Prioritized Hindsight with Dual Buffer for meta-reinforcement learning

This repository contains the implementation of prioritized hindsight with dual buffer created by Sofanit Wubeshet Beyene and Ji-Hyeong Han from Seoul National University of Science and Technology.

Abstract

Sharing prior knowledge across multiple robotic manipulation tasks is a challenging research topic. Although the state-of-the-art deep reinforcement learning (DRL) algorithms have shown immense success in single robotic tasks, it is still challenging to extend these algorithms to apply directly to resolve multi-task manipulation problems. This is mostly due to the problems associated with efficient exploration in high-dimensional state and continuous action spaces. Furthermore, in multi-task scenarios, the problem of sparse reward and sample inefficiency of DRL algorithms is exacerbated. Therefore, we propose a method to increase the sample efficiency of the soft-actor critic (SAC) algorithm and extend it to a multi-task setting. The agent learns a prior policy from two structurally similar tasks and adapts the policy to a target task.
We propose a prioritized hindsight with dual experience replay to improve data storage and sampling technique which, in turn, assists the agent in performing structured exploration that leads to sample efficiency. The proposed method separate the experience replay buffer into two buffers to contain real trajectories and hindsight trajectories to reduce the bias introduced by the hindsight trajectories in the buffer. Moreover, we utilize high-reward transitions from previous tasks to assist the network in easily adapting to the new task. We demonstrate the proposed method based on several manipulation tasks using a 7-DoF robotic arm in RLBench. The experimental results show that the proposed method outperforms vanilla SAC in both single-task setting and multi-task setting.
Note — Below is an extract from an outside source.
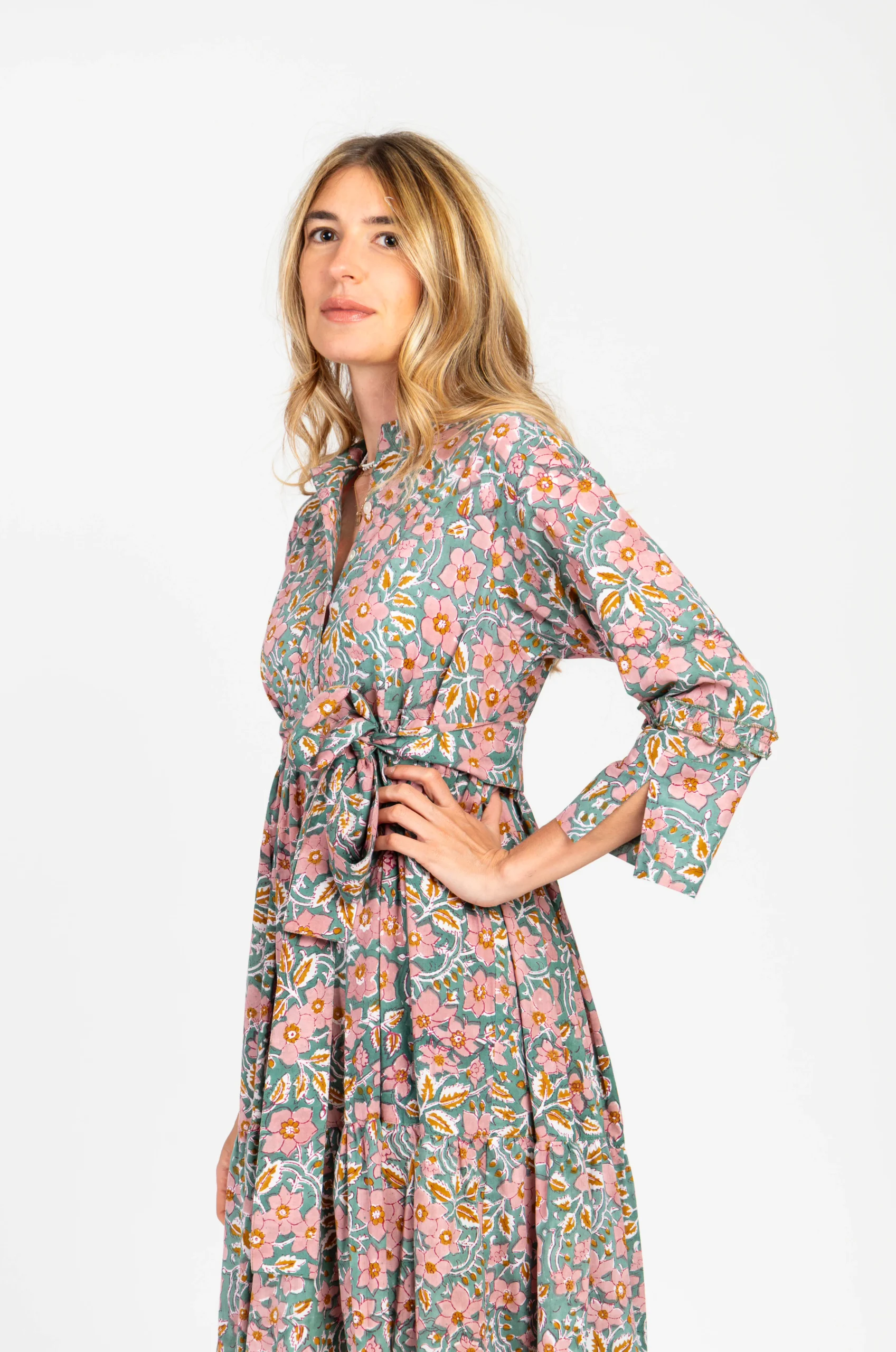 Meri Dress in 100% cotone stampato a mano con l’antica tecnica indiana Block Print. Misure: Taglia S-XS: larghezza spalle 40cm, seno 100cm, girovita 96cm, lunghezza manica 46cm, lunghezza vestito 135cm. Taglia M-L: larghezza spalle 43cm, seno 106cm, girovita 100cm, lunghezza manica 47cm, lunghezza vestito 135cm.

p_reach_2 closebox closemicrowave

Installation

Requirements

Environment
 Python3.8
 torch1.9.1

Install RLBench

https://github.com/stepjam/RLBench

How to run

Replace environment files

env/conda_environment.yml file contains all the necessary packages required to run this experiment.


env/reach_target.py by tasks/reach_target.py
env/close_box.py by tasks/close_box.py
env/close_mircowave.py to tasks/close_mircrowave.py

Run

To run HER

python algo/check_multi_main.py 

To run the proposed use the same sac.py

python algo/final/final_multi_main.py